■ What you will do:
Please give back, exactly as written, the lines from the line with "Riihimäen lasitehtaan jaloilla" to the line with "Tips: Garnet används" in the listing below, leaving out all pictures.

===== Data listing

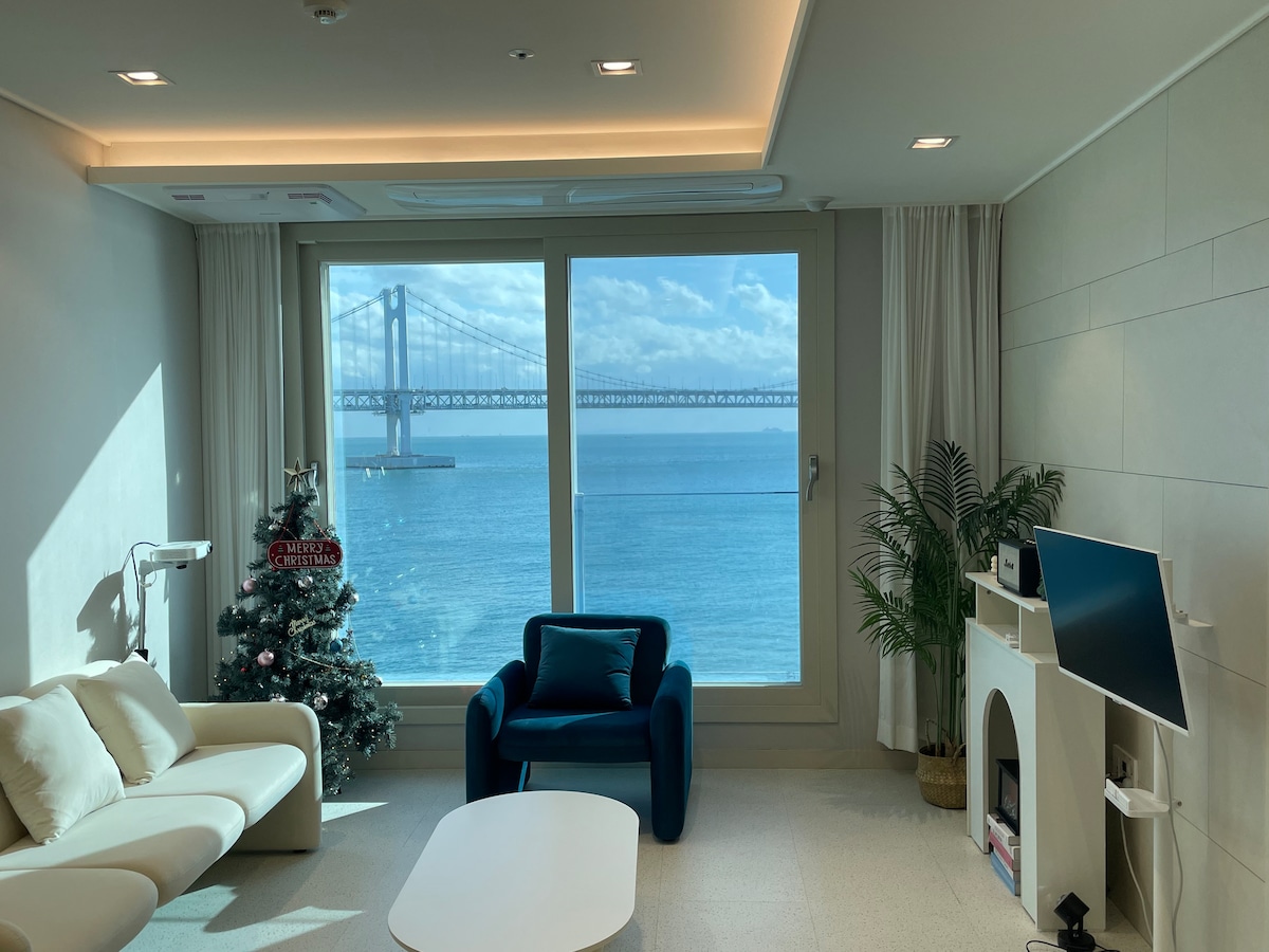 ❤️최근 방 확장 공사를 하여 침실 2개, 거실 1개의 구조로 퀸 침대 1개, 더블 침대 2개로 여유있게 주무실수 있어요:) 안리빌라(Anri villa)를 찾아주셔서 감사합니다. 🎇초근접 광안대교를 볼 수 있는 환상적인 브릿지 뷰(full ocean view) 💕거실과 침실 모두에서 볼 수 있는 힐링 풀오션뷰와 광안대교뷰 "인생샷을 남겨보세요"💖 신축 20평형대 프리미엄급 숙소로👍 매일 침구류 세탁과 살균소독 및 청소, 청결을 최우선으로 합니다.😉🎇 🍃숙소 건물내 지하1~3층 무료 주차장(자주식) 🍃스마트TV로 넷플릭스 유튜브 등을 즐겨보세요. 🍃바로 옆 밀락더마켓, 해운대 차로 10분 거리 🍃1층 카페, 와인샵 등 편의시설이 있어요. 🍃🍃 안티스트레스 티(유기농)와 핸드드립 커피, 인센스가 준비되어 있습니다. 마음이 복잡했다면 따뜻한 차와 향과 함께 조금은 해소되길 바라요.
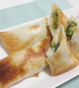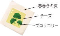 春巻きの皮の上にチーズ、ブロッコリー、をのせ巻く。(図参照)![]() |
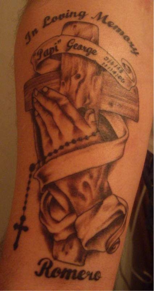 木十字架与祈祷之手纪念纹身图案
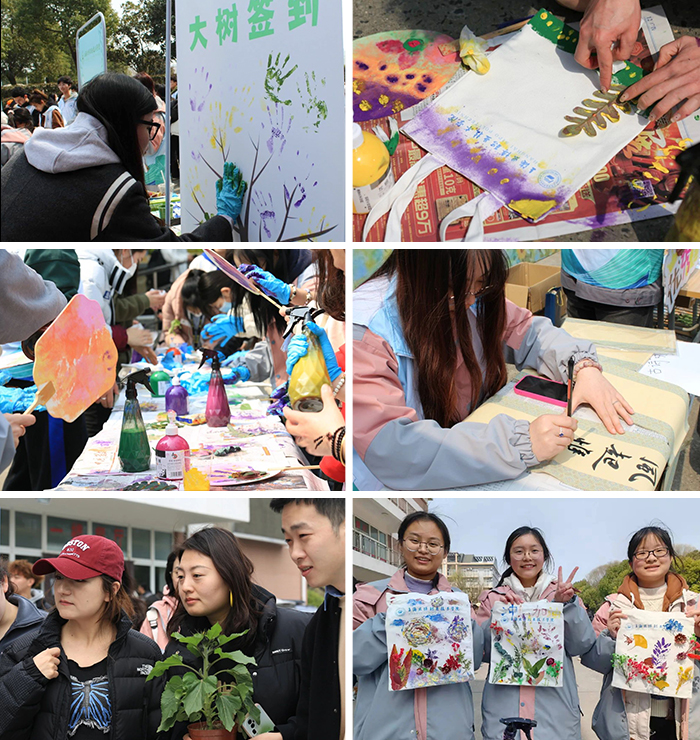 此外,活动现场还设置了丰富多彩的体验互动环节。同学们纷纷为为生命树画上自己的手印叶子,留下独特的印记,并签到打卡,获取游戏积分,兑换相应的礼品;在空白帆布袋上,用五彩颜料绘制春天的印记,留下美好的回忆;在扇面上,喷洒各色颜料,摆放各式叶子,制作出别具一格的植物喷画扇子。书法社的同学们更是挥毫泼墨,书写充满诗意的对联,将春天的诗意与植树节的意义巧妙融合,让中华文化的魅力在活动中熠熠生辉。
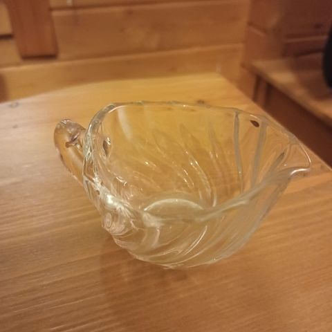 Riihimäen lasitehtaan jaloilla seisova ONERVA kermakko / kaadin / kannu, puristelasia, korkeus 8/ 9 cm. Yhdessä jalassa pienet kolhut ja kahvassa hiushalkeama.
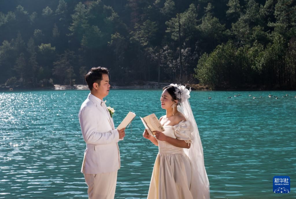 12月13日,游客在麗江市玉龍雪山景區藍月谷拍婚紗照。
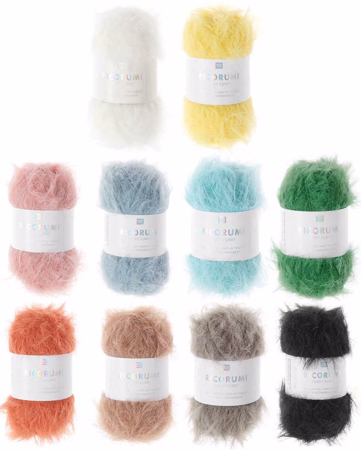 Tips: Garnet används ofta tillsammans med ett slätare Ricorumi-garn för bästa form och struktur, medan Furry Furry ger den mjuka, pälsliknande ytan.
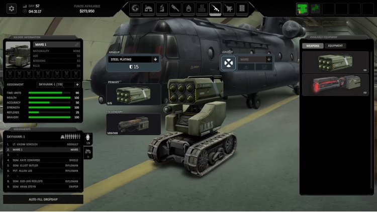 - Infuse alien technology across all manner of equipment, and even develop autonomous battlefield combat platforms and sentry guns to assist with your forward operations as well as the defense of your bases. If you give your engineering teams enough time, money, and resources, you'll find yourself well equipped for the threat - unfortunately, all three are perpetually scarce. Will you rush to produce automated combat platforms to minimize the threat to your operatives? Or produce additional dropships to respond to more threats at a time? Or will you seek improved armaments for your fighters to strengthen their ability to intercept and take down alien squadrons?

==========

■ Expected output:
 Riihimäen lasitehtaan jaloilla seisova ONERVA kermakko / kaadin / kannu, puristelasia, korkeus 8/ 9 cm. Yhdessä jalassa pienet kolhut ja kahvassa hiushalkeama.
 12月13日,游客在麗江市玉龍雪山景區藍月谷拍婚紗照。
 Tips: Garnet används ofta tillsammans med ett slätare Ricorumi-garn för bästa form och struktur, medan Furry Furry ger den mjuka, pälsliknande ytan.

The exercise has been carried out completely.